Teaser image for Co-Section

This repository provides source code for Co-Section accompanying the following publication:

Michael Strecke and Joerg Stueckler, "Where Does It End? - Reasoning About Hidden Surfaces by Object Intersection Constraints"
Presented at the IEEE/CVF Conference on Computer Vision and Pattern Recognition (CVPR) 2020, (virtual conference)

Please see the project page for details.

If you use the source code provided in this repository for your research, please cite the corresponding publication as:

@InProceedings{strecke2020_cosection,
  author      = {Michael Strecke and Joerg Stueckler},
  booktitle   = {2020 {IEEE}/{CVF} Conference on Computer Vision and Pattern Recognition ({CVPR})},
  title       = {Where Does It End? - Reasoning About Hidden Surfaces by Object Intersection Constraints},
  year        = {2020},
  month       = {jun},
  publisher   = {{IEEE}}
}

Getting started

1. Setup EM-Fusion

Our code builds upon EM-Fusion and needs the same requirements. Install the requirements listed in the EM-Fusion readme and set up Mask R-CNN as described there. The easiest way to do this is to clone this repository with git clone --recursive change to external/emfusion and work through steps 0 and 1 of the EM-Fusion Getting started instructions in.

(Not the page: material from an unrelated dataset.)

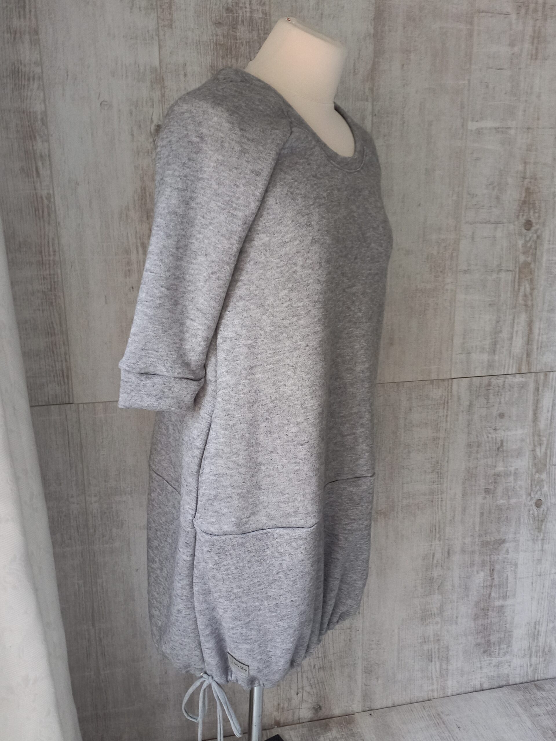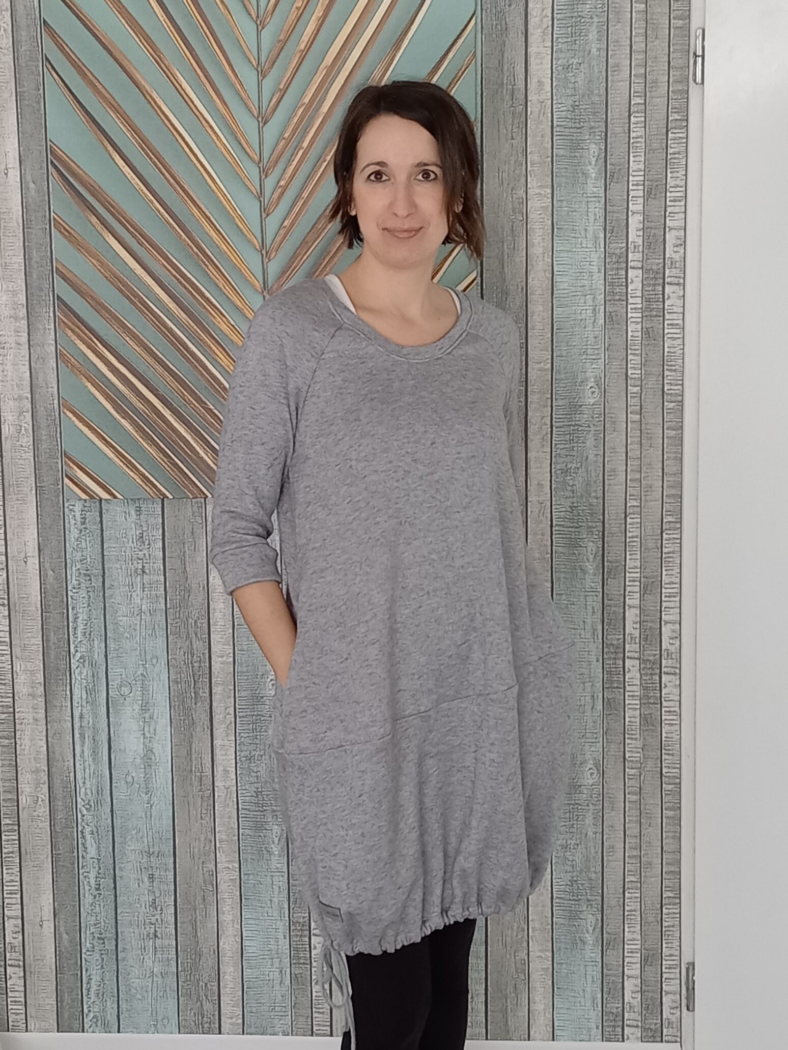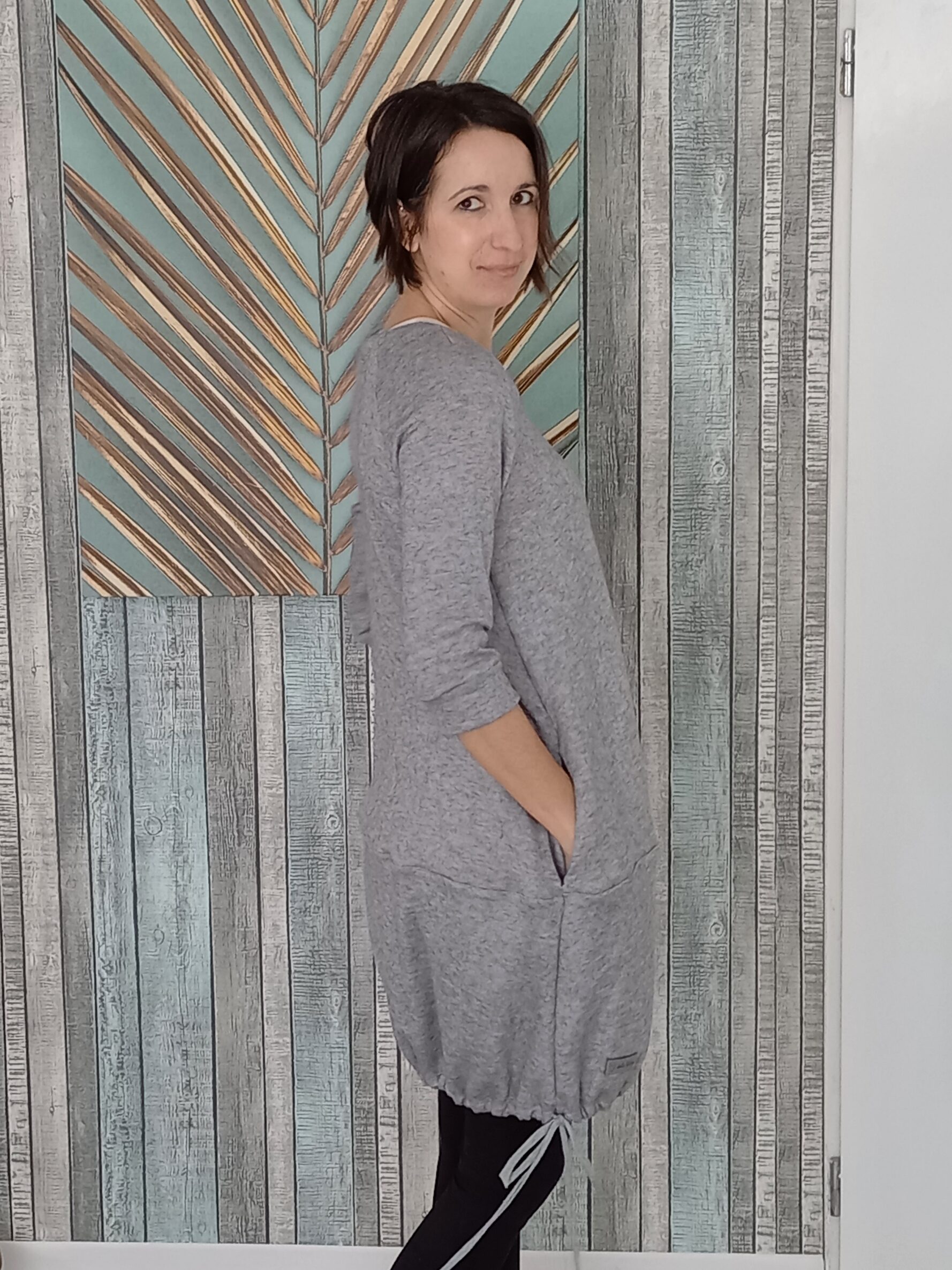 Csínos, bő fazonú női ruha szürke kötött anyagból. Szabása miatt minden alkatra tökéletesen illik. Kényelmes viselet tavasszal, ősszel, és télen is. Oldalt, csípőnél nagy zsebei vannak.

If you already have a setup working for EM-Fusion, you can instruct Co-Section to use it with the -DEMFUSION_DIR=<path/to/emfusion> flag. Remember to also set MASKRCNN_ROOT_DIR and MASKRCNN_VENV_DIR if those deviate from the EM-Fusion default for your setup.

2. Build Co-Section

After installing all dependencies mentioned and setting up EM-Fusion, create a build directory in the root directory of the Co-Section code, configure the build using CMake, and build the project:

mkdir build
cd build
cmake ..
make -j$(nproc)

Depending on where you installed the dependencies (including those of EM-Fusion), you might want to add -DCMAKE_PREFIX_PATH=<path/to/install> to the cmake call.

3. Running the code

Change to the build folder for running the code (as for EM-Fusion, we place the maskrcnn.py file there so this should be the working directory for running the code).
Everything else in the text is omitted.